Item 8.01. Other Events
The Ongoing Framework is being implemented pursuant to the Master Agreement, dated as of November 13, 2018, among GE, BHGE and Baker Hughes, a GE company, LLC, an indirect subsidiary of BHGE (“BHGE LLC”) (the “Master Agreement”) and certain related agreements to further solidify the commercial and technological collaborations between GE and BHGE and to facilitate BHGE’s ability to transition from operating as a controlled company. Pursuant to the Master Agreement, GE, BHGE and BHGE LLC, have agreed to a number of revisions to the arrangements put in place in connection with the Transaction Agreement and Plan of Merger, dated as of October 30, 2016, among GE, Baker Hughes Incorporated, Bear Newco, Inc. and Bear MergerSub, Inc. (as amended, the “Transaction Agreement”), pursuant to which BHGE and BHGE LLC were created on July 3, 2017, including amending and restating the Stockholders Agreement, dated as of July 3, 2017, as amended by the Amendment to the Stockholders Agreement dated as of October 3, 2017 (the “Original Stockholders Agreement” and, as amended and restated, the “Amended and Restated Stockholders Agreement”). The Amended and Restated Stockholders Agreement provides for, among other things:
Lock Up Period. The lockup period, which prevented GE from disposing of any shares of BHGE common stock until July 3, 2019, expired on November 12, 2018.

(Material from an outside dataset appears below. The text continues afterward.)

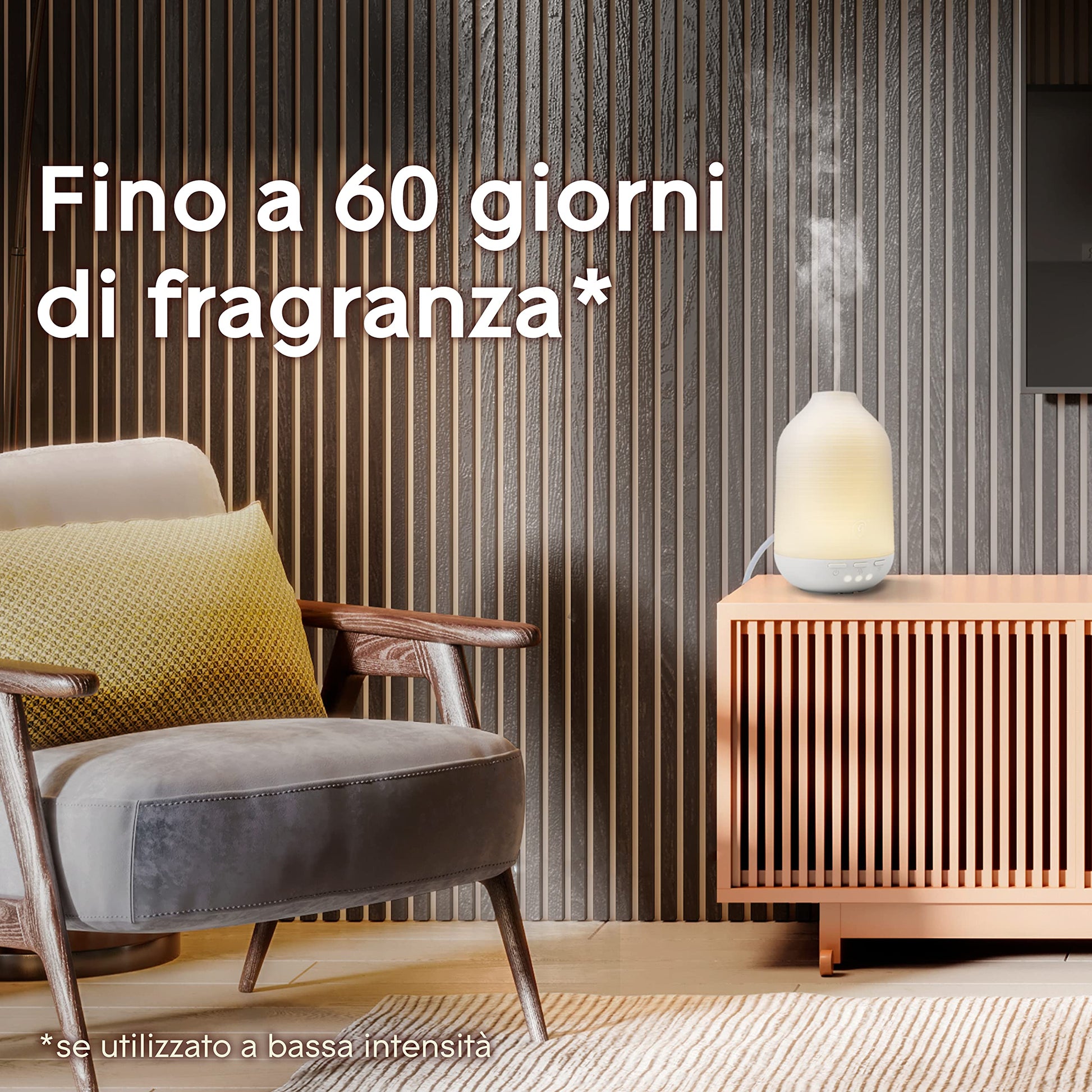 - Fino a 60 giorni* di fragranza grazie alla tecnologia dual-wick e alla facile ricarica in un click. (*se utilizzato a bassa intensità)

Board and Committee Representation. GE’s right to designate a majority of directors for nomination to the BHGE board of directors will continue until the later of July 3, 2019 and the first date on which it and its affiliates cease to beneficially own more than 50% of the voting power of BHGE’s outstanding common stock. If GE and its affiliates are no longer entitled to designate a majority of directors but own at least 20% of the voting power of BHGE’s outstanding common stock, GE will have the right to nominate one director for election to the BHGE board of directors and will no longer have any right to representation on any Committee of the BHGE board of directors. If GE and its affiliates do not own at least 20% of the voting power of BHGE’s outstanding common stock, GE will not have the right to designate a director for nomination to the BHGE board of directors. At any time when GE’s right to nominate directors is reduced, any director that has been designated by GE is required to deliver his or her resignation from the BHGE board of directors for consideration by the Conflicts Committee. However, where GE and its affiliates continue to own at least 20% of the voting power of BHGE’s outstanding common stock, one of GE’s five designees, as determined by GE, shall not be required to tender his or her resignation.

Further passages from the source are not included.